[Records from a data collection]
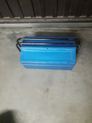 Caja de herramientas de color azul, con asas para facilitar su transporte. - Diseño metálico. - Asa plegable.
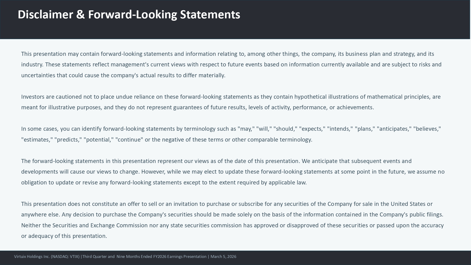 Disclaimer & Forward - Looking Statements This presentation may contain forward - looking statements and information relating to, among other things, the company, its business plan and strategy, and its industry. These statements reflect management's current views with respect to future events based on information currently available and are subject to risks and uncertainties that could cause the company's actual results to differ materially. Investors are cautioned not to place undue reliance on these forward - looking statements as they contain hypothetical illustrations of mathematical principles, are meant for illustrative purposes, and they do not represent guarantees of future results, levels of activity, performance, or achievements. In some cases, you can identify forward - looking statements by terminology such as "may," "will," "should," "expects," "intends," "plans," "anticipates," "believes," "estimates," "predicts," "potential," "continue" or the negative of these terms or other comparable terminology. The forward - looking statements in this presentation represent our views as of the date of this presentation. We anticipate that subsequent events and developments will cause our views to change. However, while we may elect to update these forward - looking statements at some point in the future, we assume no obligation to update or revise any forward - looking statements except to the extent required by applicable law. This presentation does not constitute an offer to sell or an invitation to purchase or subscribe for any securities of the Company for sale in the United States or anywhere else. Any decision to purchase the Company's securities should be made solely on the basis of the information contained in the Company's public filings. Neither the Securities and Exchange Commission nor any state securities commission has approved or disapproved of these securities or passed upon the accuracy or adequacy of this presentation. Virtuix Holdings Inc. (NASDAQ: VTIX) |Third Quarter and Nine Months Ended FY2026 Earnings Presentation | March 5, 2026
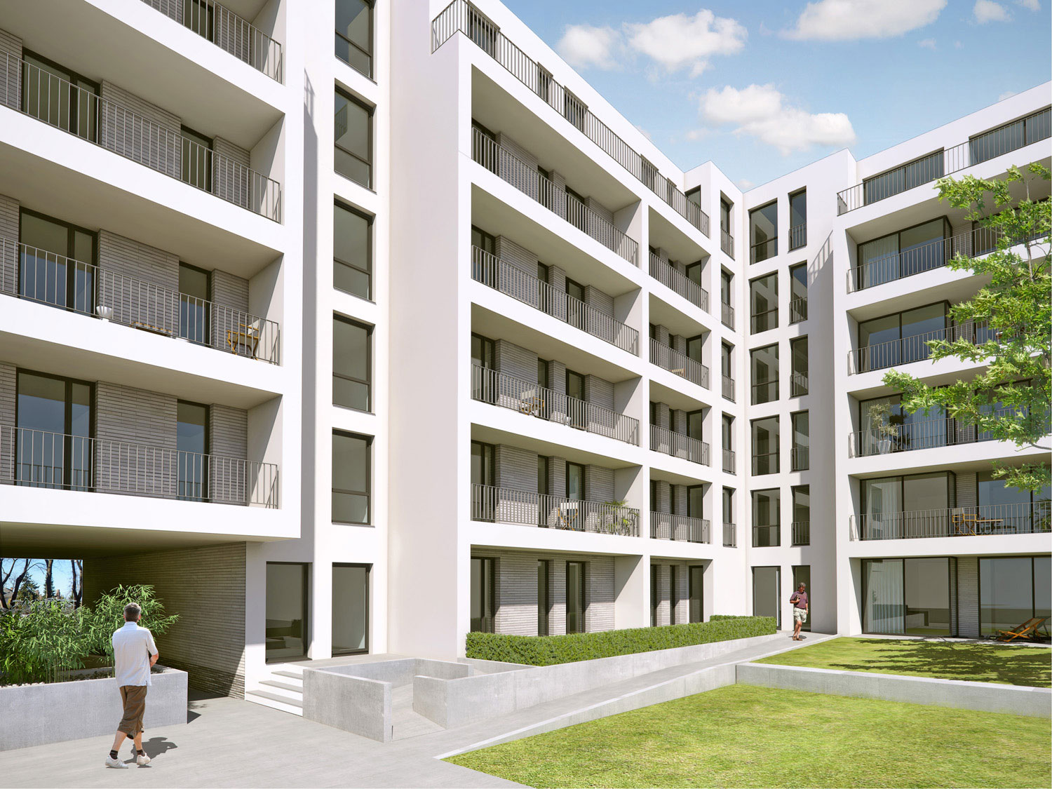Alle Loggiaeinschnitte sind weiß verputzt, um möglichst viel Sonnenlicht in die Räume zu reflektieren, bei der Hinterhoffassade ist das Materialkonzept umgekehrt. Der Baukörper ist komplett weiß mit einem WDVS-System verputzt. Nur die Loggiarückwände sind mit den Verblendern verkleidet und speichern die warme Südsonne.
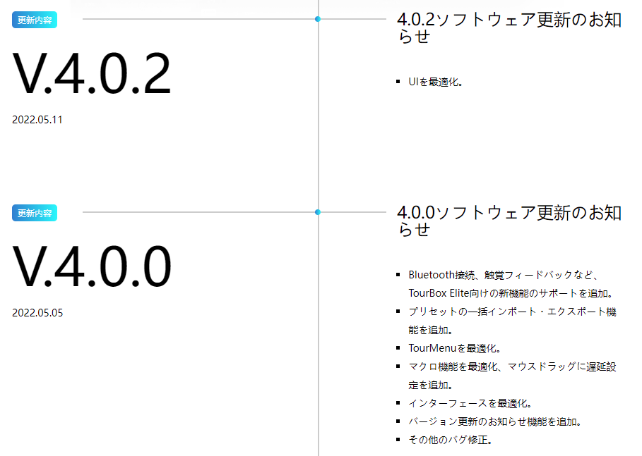 V4.0.0で待望のElite対応となったTourBox Consoleですが、V4.0.0リリース以降はバグ修正のみのアップデートでした。
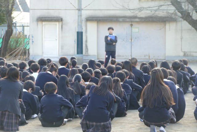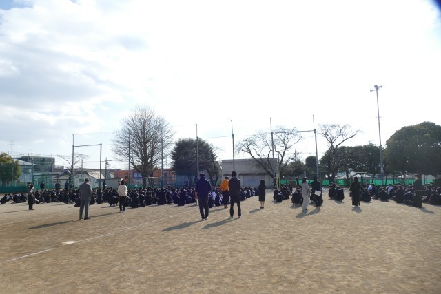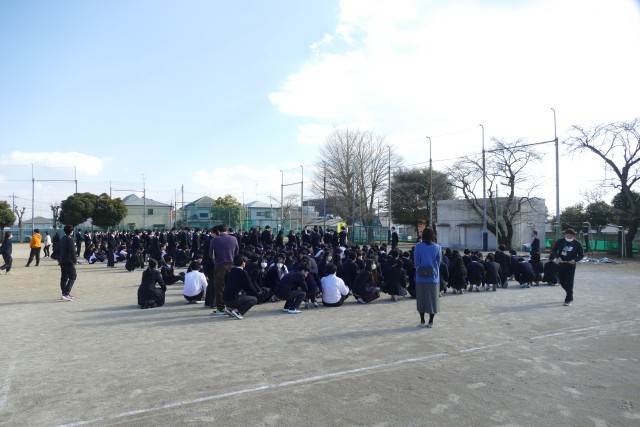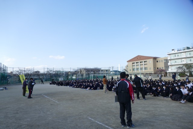 2月18日(水)午後2時10分から避難訓練を行いました。今回の訓練の目的は、不審者が校内に侵入し、被害が生じそうな状況での退避行動と避難です。副校長先生の放送のあと、先生と生徒のみなさんは全力で避難しています。校庭に避難してから、2学年主任の中山先生から指導・講評がありました。中山先生からは、➀校舎内では、必ず来校者に挨拶をして、不審者かそうでないかを見極めること、②避難時に不審者がいると想定される場所に姿や声が届かないように配慮すること、③移動する際に不審者に襲撃されないように、授業が空いてる先生方も階段や廊下で生徒のみなさんを見守っていること、④校庭に生徒のみなさんが集まった後は、先生方が校舎側に立って、不審者から生徒のみなさんを守っていること、⑤生徒のみなさんが避難訓練を真剣に取り組むことが、身を守るうえでとても大切なことなどのお話がありました。生徒のみなさんは、中山先生のお話を真剣に聞いていました。「備えあれば患いなし」です。次回の避難訓練も真剣に取り組んでいきましょう。
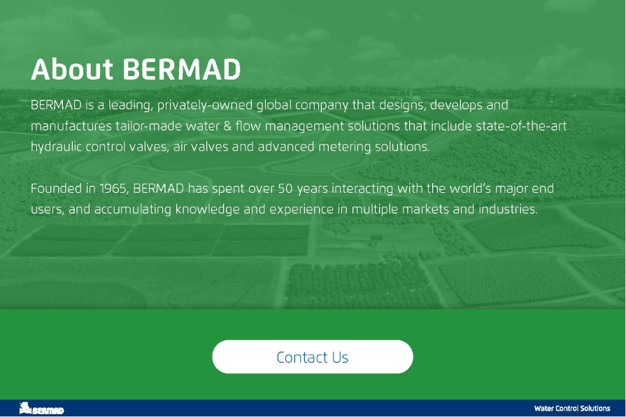 If you are a farmer or grower anywhere in the world, you probably recognize BERMAD as a trusted name in irrigation. You may already know that BERMAD has been manufacturing proven hydraulic control valves, air valves, and water meters for irrigation systems since 1965, including innovative products for both field and greenhouse applications. And you may even have received irrigation system design assistance from our engineering team, or taken advantage of one of our instructional videos.

▸ **Task instructions**
Please copy out each line above exactly as written, but not the pictures.

▸ **Written solution**
 Caja de herramientas de color azul, con asas para facilitar su transporte. - Diseño metálico. - Asa plegable.
 Disclaimer & Forward - Looking Statements This presentation may contain forward - looking statements and information relating to, among other things, the company, its business plan and strategy, and its industry. These statements reflect management's current views with respect to future events based on information currently available and are subject to risks and uncertainties that could cause the company's actual results to differ materially. Investors are cautioned not to place undue reliance on these forward - looking statements as they contain hypothetical illustrations of mathematical principles, are meant for illustrative purposes, and they do not represent guarantees of future results, levels of activity, performance, or achievements. In some cases, you can identify forward - looking statements by terminology such as "may," "will," "should," "expects," "intends," "plans," "anticipates," "believes," "estimates," "predicts," "potential," "continue" or the negative of these terms or other comparable terminology. The forward - looking statements in this presentation represent our views as of the date of this presentation. We anticipate that subsequent events and developments will cause our views to change. However, while we may elect to update these forward - looking statements at some point in the future, we assume no obligation to update or revise any forward - looking statements except to the extent required by applicable law. This presentation does not constitute an offer to sell or an invitation to purchase or subscribe for any securities of the Company for sale in the United States or anywhere else. Any decision to purchase the Company's securities should be made solely on the basis of the information contained in the Company's public filings. Neither the Securities and Exchange Commission nor any state securities commission has approved or disapproved of these securities or passed upon the accuracy or adequacy of this presentation. Virtuix Holdings Inc. (NASDAQ: VTIX) |Third Quarter and Nine Months Ended FY2026 Earnings Presentation | March 5, 2026
Alle Loggiaeinschnitte sind weiß verputzt, um möglichst viel Sonnenlicht in die Räume zu reflektieren, bei der Hinterhoffassade ist das Materialkonzept umgekehrt. Der Baukörper ist komplett weiß mit einem WDVS-System verputzt. Nur die Loggiarückwände sind mit den Verblendern verkleidet und speichern die warme Südsonne.
 V4.0.0で待望のElite対応となったTourBox Consoleですが、V4.0.0リリース以降はバグ修正のみのアップデートでした。
 2月18日(水)午後2時10分から避難訓練を行いました。今回の訓練の目的は、不審者が校内に侵入し、被害が生じそうな状況での退避行動と避難です。副校長先生の放送のあと、先生と生徒のみなさんは全力で避難しています。校庭に避難してから、2学年主任の中山先生から指導・講評がありました。中山先生からは、➀校舎内では、必ず来校者に挨拶をして、不審者かそうでないかを見極めること、②避難時に不審者がいると想定される場所に姿や声が届かないように配慮すること、③移動する際に不審者に襲撃されないように、授業が空いてる先生方も階段や廊下で生徒のみなさんを見守っていること、④校庭に生徒のみなさんが集まった後は、先生方が校舎側に立って、不審者から生徒のみなさんを守っていること、⑤生徒のみなさんが避難訓練を真剣に取り組むことが、身を守るうえでとても大切なことなどのお話がありました。生徒のみなさんは、中山先生のお話を真剣に聞いていました。「備えあれば患いなし」です。次回の避難訓練も真剣に取り組んでいきましょう。
 If you are a farmer or grower anywhere in the world, you probably recognize BERMAD as a trusted name in irrigation. You may already know that BERMAD has been manufacturing proven hydraulic control valves, air valves, and water meters for irrigation systems since 1965, including innovative products for both field and greenhouse applications. And you may even have received irrigation system design assistance from our engineering team, or taken advantage of one of our instructional videos.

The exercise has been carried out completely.